- _Activity_: Your answer must be an exact copy of the lines below, from the first through the one with "football field. |", with no pictures.

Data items

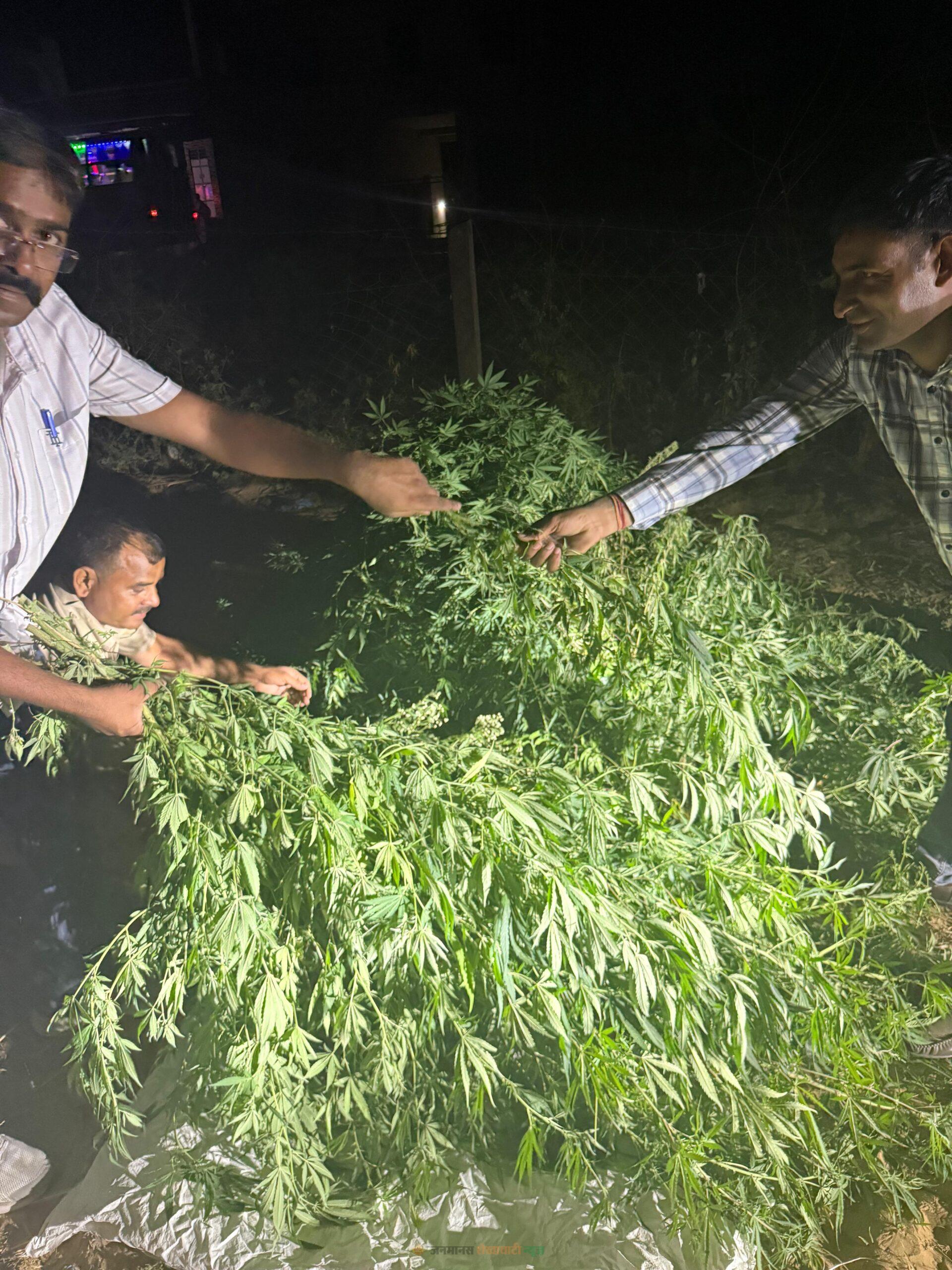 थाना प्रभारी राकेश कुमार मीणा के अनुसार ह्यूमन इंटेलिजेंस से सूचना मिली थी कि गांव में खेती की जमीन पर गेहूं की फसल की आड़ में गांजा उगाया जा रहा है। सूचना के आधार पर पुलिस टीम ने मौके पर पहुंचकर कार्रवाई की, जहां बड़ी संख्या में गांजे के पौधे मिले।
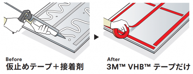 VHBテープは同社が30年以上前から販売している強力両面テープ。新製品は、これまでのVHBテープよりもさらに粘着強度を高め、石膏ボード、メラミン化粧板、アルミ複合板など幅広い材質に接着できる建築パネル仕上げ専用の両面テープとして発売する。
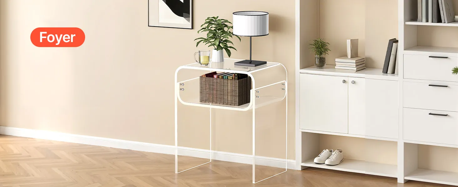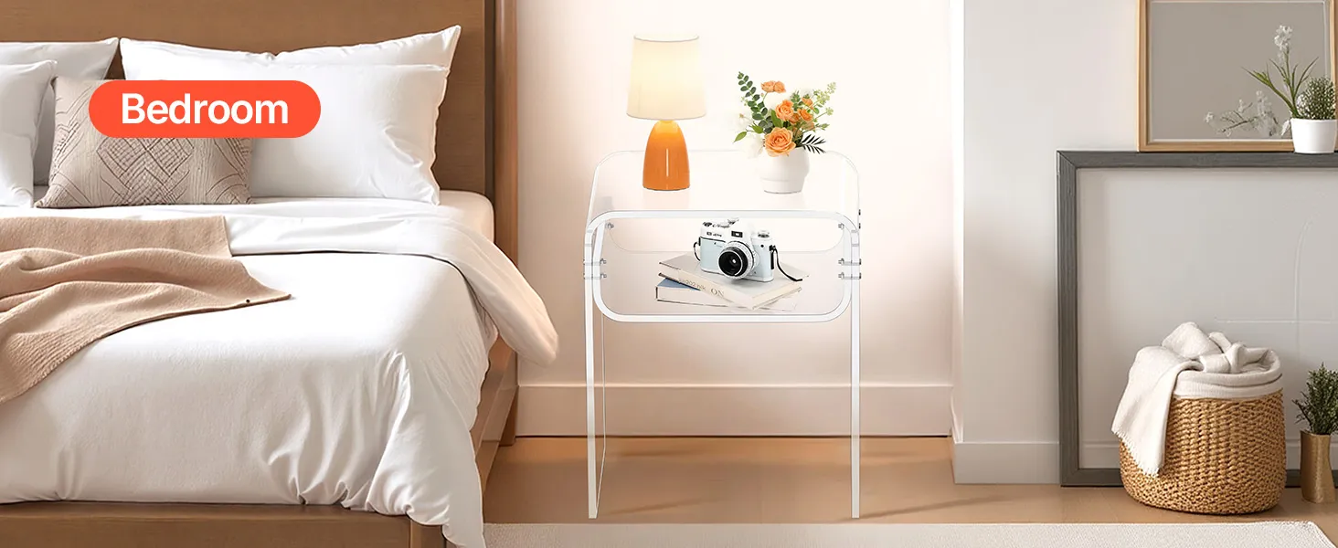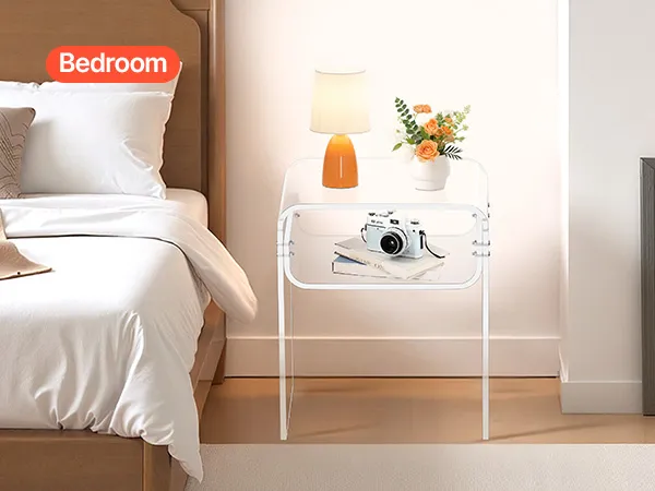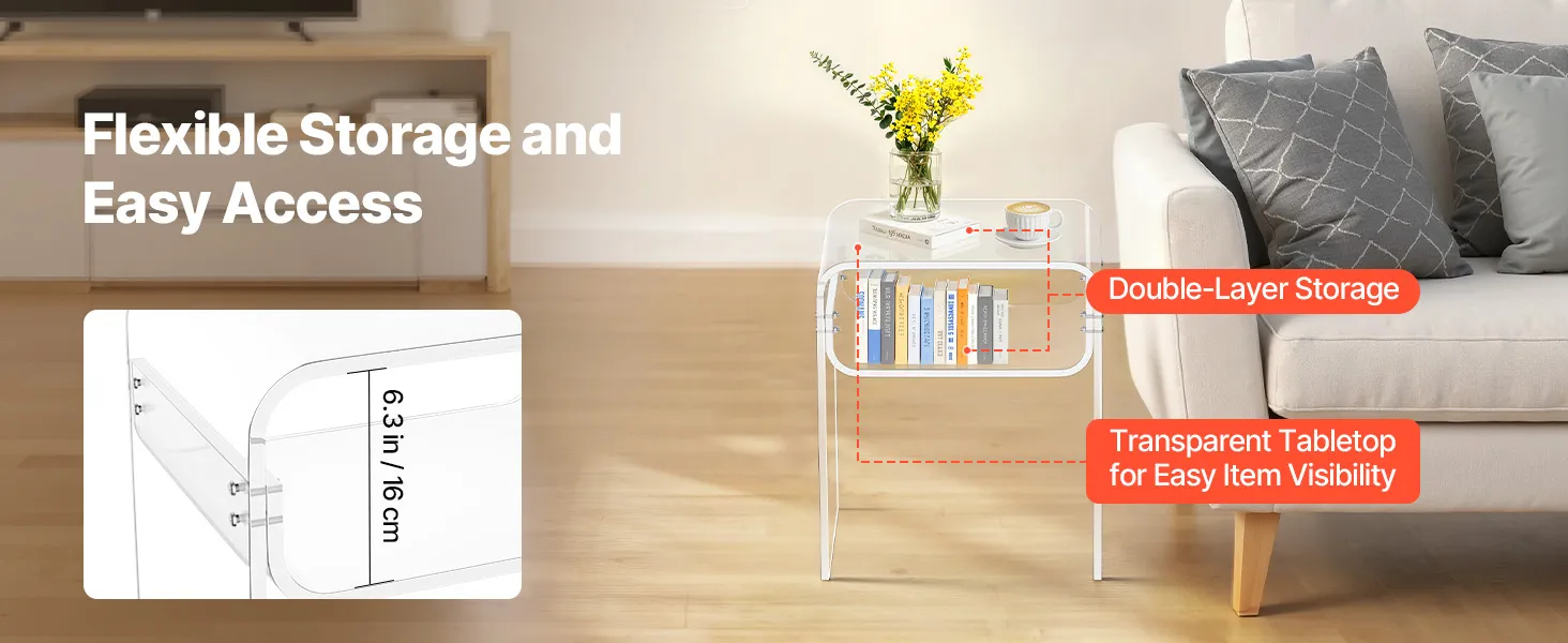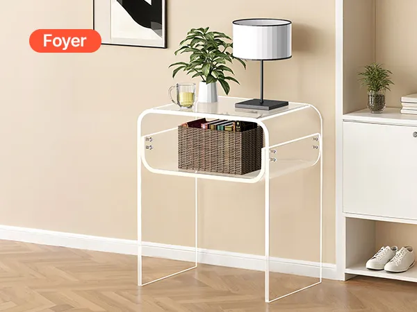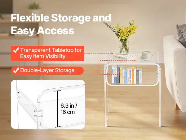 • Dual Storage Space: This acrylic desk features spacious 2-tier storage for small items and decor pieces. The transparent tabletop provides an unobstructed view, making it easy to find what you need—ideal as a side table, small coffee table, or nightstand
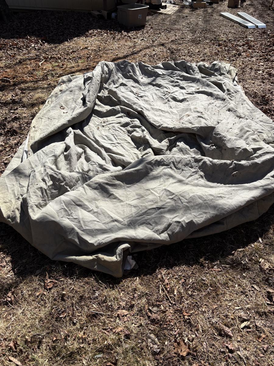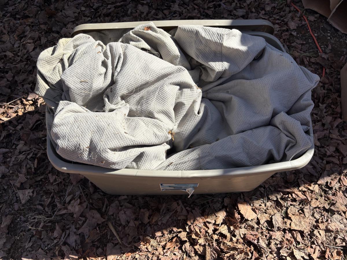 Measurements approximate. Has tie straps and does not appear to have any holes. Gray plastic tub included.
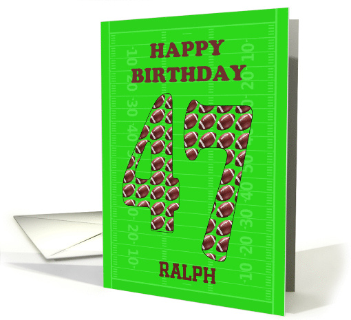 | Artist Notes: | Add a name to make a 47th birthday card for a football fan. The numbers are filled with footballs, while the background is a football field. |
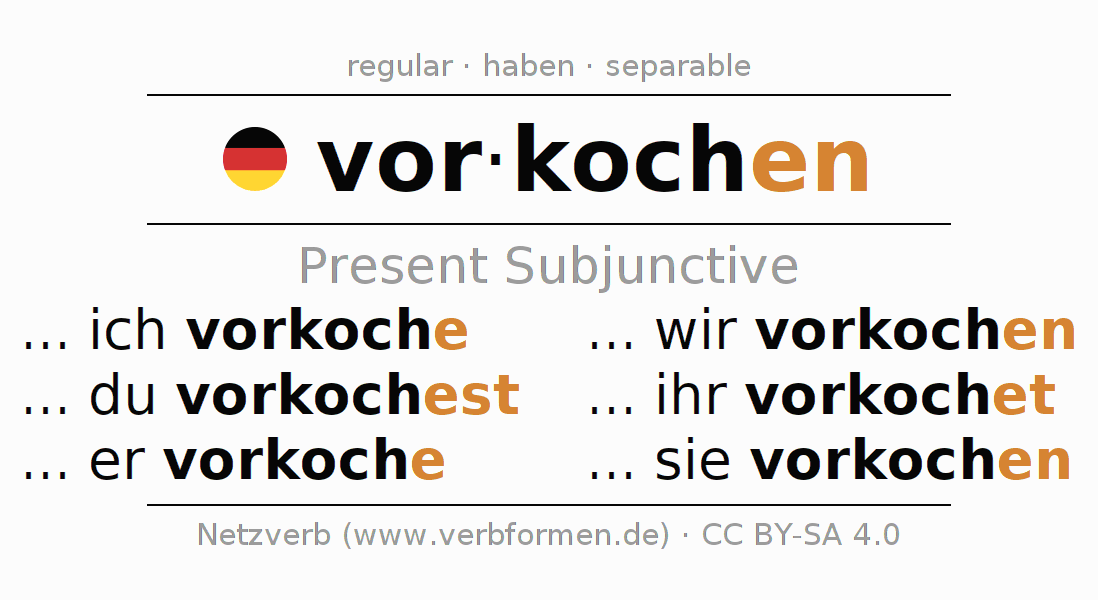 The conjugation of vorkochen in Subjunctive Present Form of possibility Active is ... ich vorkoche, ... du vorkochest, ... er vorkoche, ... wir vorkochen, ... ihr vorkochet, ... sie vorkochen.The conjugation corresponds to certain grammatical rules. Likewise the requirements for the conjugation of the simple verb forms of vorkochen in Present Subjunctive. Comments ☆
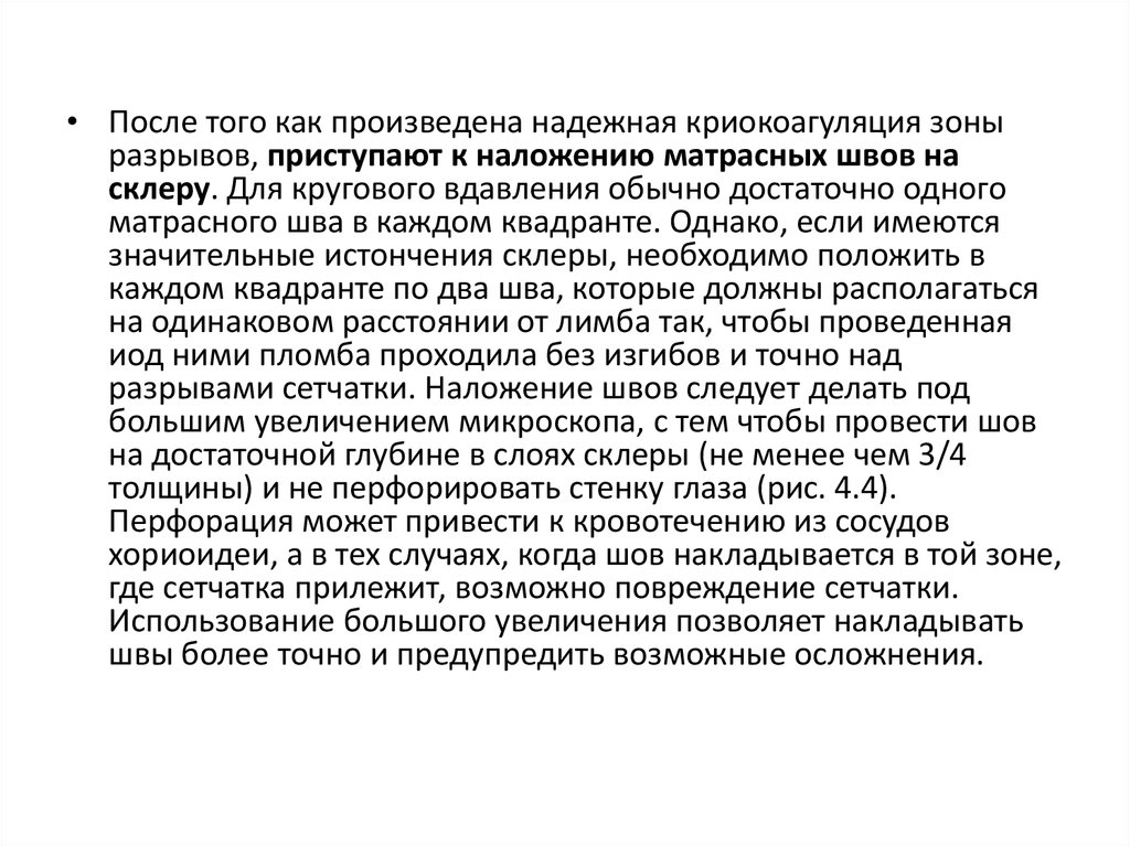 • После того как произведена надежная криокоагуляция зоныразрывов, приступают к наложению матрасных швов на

- _Written response_:
 थाना प्रभारी राकेश कुमार मीणा के अनुसार ह्यूमन इंटेलिजेंस से सूचना मिली थी कि गांव में खेती की जमीन पर गेहूं की फसल की आड़ में गांजा उगाया जा रहा है। सूचना के आधार पर पुलिस टीम ने मौके पर पहुंचकर कार्रवाई की, जहां बड़ी संख्या में गांजे के पौधे मिले।
 VHBテープは同社が30年以上前から販売している強力両面テープ。新製品は、これまでのVHBテープよりもさらに粘着強度を高め、石膏ボード、メラミン化粧板、アルミ複合板など幅広い材質に接着できる建築パネル仕上げ専用の両面テープとして発売する。
 • Dual Storage Space: This acrylic desk features spacious 2-tier storage for small items and decor pieces. The transparent tabletop provides an unobstructed view, making it easy to find what you need—ideal as a side table, small coffee table, or nightstand
 Measurements approximate. Has tie straps and does not appear to have any holes. Gray plastic tub included.
 | Artist Notes: | Add a name to make a 47th birthday card for a football fan. The numbers are filled with footballs, while the background is a football field. |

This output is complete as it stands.